Supplied records Block Start

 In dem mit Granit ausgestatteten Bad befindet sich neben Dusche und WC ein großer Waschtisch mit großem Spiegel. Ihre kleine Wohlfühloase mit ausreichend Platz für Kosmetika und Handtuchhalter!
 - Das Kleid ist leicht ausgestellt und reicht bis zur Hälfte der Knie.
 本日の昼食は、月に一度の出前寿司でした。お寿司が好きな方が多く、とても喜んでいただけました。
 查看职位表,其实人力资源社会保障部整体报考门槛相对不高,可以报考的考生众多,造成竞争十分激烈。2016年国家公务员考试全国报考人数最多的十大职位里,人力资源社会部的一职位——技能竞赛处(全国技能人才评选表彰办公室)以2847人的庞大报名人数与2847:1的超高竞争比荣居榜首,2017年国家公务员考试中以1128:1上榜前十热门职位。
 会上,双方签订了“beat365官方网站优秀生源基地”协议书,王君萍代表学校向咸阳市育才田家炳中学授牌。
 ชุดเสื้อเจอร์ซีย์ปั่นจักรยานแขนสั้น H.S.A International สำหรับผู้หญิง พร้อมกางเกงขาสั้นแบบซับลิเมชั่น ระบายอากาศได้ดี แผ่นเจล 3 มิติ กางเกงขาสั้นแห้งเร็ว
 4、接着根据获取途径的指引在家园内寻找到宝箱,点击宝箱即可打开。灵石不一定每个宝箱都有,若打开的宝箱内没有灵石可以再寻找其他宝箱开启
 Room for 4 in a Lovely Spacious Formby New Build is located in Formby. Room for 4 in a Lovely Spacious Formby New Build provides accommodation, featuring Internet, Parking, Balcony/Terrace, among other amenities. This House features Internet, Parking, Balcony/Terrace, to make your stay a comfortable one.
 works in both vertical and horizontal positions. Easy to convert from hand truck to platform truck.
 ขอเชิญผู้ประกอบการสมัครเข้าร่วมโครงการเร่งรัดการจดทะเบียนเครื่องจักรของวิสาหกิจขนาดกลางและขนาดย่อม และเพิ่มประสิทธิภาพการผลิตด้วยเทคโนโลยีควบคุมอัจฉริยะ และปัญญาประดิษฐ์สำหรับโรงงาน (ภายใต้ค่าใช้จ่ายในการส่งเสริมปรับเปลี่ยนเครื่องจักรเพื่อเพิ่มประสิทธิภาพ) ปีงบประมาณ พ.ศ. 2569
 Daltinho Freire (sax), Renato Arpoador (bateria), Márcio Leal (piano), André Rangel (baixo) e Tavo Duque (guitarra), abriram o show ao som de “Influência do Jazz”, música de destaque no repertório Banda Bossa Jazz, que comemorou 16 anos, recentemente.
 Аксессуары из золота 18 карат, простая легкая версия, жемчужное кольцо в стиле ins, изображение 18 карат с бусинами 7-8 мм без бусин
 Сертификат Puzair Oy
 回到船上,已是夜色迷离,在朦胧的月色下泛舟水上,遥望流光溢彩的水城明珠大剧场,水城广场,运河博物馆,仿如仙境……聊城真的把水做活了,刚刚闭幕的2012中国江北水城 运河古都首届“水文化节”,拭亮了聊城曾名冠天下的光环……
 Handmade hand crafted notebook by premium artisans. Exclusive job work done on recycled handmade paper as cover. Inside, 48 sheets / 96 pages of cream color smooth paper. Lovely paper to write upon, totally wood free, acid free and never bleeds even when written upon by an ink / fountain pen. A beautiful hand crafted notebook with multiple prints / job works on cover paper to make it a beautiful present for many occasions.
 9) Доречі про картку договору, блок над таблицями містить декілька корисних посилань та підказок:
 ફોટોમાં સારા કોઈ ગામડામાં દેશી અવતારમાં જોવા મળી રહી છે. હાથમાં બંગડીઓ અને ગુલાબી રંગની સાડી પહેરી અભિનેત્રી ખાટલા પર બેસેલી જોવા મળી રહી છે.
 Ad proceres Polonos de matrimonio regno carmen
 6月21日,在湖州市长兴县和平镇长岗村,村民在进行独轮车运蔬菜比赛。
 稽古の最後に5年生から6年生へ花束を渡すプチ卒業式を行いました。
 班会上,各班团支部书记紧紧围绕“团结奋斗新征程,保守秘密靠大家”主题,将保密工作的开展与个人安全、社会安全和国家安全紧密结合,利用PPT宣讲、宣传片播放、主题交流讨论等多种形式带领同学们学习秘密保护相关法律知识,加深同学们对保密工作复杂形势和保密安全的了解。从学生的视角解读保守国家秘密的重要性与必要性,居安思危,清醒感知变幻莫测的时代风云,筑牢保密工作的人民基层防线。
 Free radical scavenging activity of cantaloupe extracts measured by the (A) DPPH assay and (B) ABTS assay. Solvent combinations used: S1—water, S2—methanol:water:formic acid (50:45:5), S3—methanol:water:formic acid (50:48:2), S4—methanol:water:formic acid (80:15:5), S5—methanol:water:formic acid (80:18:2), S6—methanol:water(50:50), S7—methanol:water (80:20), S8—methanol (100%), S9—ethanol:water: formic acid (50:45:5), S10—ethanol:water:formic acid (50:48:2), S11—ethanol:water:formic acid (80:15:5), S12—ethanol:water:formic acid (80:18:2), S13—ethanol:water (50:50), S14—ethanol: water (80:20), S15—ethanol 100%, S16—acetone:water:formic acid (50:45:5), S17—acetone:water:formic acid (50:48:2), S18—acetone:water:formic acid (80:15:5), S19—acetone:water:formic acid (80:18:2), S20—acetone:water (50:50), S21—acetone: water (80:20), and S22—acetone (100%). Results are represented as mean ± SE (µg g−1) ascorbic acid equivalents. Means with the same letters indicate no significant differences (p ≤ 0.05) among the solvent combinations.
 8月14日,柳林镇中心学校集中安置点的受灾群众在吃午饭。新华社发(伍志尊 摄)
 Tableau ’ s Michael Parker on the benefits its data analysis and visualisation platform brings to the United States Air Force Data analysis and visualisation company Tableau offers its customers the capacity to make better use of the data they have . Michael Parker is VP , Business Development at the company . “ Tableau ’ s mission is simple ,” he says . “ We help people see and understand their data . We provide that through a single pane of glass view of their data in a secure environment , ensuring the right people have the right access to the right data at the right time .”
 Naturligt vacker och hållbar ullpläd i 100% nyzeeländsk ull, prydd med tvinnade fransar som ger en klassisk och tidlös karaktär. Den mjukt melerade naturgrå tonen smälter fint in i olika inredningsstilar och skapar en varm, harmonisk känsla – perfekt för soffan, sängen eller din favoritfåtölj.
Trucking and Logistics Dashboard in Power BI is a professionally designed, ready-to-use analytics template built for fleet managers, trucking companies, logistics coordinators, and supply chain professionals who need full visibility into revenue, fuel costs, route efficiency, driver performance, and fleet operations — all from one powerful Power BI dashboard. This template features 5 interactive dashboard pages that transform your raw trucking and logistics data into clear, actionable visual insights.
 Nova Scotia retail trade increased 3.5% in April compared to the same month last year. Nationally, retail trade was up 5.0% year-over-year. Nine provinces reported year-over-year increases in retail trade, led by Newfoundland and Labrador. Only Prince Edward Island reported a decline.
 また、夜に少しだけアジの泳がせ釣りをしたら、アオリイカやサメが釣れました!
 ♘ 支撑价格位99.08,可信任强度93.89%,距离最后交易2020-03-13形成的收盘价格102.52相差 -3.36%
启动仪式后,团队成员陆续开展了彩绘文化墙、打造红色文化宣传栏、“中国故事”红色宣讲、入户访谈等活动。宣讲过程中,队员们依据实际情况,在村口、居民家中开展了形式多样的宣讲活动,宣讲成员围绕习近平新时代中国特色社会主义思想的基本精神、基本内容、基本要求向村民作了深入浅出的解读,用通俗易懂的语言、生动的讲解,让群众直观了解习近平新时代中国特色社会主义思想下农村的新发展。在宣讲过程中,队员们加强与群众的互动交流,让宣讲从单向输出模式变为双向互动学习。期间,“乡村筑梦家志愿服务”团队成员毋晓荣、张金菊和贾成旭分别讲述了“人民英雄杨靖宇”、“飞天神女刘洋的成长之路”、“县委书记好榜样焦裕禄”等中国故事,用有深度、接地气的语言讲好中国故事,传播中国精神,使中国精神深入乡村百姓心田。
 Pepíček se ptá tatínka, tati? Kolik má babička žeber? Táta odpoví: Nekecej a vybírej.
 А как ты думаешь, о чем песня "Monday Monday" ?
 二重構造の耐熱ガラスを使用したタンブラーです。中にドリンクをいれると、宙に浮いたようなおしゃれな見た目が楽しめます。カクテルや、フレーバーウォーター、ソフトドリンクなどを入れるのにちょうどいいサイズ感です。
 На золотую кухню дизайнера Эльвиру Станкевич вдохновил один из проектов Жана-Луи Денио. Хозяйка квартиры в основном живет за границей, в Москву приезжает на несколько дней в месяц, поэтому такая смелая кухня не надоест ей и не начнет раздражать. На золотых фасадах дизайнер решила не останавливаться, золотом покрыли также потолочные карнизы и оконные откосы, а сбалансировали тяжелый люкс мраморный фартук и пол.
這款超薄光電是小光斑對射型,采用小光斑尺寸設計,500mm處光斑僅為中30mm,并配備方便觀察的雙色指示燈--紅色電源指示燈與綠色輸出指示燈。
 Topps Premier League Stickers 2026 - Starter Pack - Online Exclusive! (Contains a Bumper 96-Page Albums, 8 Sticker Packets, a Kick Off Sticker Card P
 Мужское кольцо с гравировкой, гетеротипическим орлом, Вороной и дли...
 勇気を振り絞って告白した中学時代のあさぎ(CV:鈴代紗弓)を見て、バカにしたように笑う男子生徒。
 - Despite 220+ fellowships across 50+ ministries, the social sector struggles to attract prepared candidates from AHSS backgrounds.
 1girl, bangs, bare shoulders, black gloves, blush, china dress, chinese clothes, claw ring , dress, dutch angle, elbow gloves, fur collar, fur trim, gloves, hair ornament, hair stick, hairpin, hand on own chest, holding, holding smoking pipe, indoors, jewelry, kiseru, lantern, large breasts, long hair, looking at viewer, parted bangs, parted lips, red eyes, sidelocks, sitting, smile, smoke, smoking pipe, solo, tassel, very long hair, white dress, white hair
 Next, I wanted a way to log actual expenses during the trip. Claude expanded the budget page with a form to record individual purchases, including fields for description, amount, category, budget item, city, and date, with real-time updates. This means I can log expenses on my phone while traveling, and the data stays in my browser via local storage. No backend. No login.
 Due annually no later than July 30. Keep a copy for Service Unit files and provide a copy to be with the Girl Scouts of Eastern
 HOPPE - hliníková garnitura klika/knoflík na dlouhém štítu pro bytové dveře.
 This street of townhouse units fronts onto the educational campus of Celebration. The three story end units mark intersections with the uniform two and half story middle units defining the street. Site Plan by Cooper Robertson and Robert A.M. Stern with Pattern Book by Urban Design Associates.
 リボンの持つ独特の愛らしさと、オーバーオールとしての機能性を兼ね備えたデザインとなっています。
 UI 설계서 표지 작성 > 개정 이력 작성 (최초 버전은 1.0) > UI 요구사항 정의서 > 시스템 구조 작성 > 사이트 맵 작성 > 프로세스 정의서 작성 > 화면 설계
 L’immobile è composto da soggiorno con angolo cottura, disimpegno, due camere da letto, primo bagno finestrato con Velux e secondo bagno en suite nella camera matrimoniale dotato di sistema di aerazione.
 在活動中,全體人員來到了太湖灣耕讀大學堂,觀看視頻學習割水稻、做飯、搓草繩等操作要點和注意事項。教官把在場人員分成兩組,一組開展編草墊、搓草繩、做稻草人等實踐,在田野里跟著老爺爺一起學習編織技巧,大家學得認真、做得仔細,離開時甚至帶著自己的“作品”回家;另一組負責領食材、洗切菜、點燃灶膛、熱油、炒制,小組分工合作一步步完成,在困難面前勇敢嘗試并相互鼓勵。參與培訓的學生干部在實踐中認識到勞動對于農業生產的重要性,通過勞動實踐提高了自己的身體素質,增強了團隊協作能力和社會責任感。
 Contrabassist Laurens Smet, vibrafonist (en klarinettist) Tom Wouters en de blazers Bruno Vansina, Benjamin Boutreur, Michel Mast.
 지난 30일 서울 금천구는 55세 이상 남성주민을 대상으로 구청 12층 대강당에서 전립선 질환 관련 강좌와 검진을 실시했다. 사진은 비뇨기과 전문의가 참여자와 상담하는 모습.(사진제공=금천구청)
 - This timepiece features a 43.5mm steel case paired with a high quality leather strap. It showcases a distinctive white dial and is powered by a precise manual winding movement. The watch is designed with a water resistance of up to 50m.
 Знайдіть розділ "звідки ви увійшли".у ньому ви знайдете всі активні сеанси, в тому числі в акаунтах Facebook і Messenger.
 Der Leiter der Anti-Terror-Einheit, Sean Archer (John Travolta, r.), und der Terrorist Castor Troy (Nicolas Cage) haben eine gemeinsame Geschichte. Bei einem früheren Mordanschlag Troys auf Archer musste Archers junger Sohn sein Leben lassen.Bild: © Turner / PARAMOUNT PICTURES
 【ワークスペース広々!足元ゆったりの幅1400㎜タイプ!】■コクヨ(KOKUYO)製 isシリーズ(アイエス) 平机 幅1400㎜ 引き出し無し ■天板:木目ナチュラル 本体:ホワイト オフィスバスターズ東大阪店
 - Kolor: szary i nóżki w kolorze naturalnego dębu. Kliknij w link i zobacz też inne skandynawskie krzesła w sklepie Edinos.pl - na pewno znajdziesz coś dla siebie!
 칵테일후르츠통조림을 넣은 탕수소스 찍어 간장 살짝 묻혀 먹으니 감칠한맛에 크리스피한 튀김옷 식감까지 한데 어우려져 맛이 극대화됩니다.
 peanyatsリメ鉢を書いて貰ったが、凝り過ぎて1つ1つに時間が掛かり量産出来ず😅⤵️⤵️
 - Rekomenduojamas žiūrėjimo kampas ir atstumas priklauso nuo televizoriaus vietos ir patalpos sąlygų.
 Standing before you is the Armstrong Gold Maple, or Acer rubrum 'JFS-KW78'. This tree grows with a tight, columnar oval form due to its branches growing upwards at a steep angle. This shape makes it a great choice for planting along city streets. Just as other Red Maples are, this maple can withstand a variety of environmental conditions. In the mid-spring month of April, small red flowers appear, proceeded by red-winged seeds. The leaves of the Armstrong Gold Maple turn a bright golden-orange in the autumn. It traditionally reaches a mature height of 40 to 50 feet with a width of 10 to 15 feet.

Supplied records Block End

● Task directions: Find where the line with "引き出し無し ■天板:木目ナチュラル 本体:ホワイト オフィスバスターズ東大阪店" sits in the material above, then copy exactly from it through the line with "- Rekomenduojamas žiūrėjimo". Add no other line.

● Solution to this problem:
 【ワークスペース広々!足元ゆったりの幅1400㎜タイプ!】■コクヨ(KOKUYO)製 isシリーズ(アイエス) 平机 幅1400㎜ 引き出し無し ■天板:木目ナチュラル 本体:ホワイト オフィスバスターズ東大阪店
 - Kolor: szary i nóżki w kolorze naturalnego dębu. Kliknij w link i zobacz też inne skandynawskie krzesła w sklepie Edinos.pl - na pewno znajdziesz coś dla siebie!
 칵테일후르츠통조림을 넣은 탕수소스 찍어 간장 살짝 묻혀 먹으니 감칠한맛에 크리스피한 튀김옷 식감까지 한데 어우려져 맛이 극대화됩니다.
 peanyatsリメ鉢を書いて貰ったが、凝り過ぎて1つ1つに時間が掛かり量産出来ず😅⤵️⤵️
 - Rekomenduojamas žiūrėjimo kampas ir atstumas priklauso nuo televizoriaus vietos ir patalpos sąlygų.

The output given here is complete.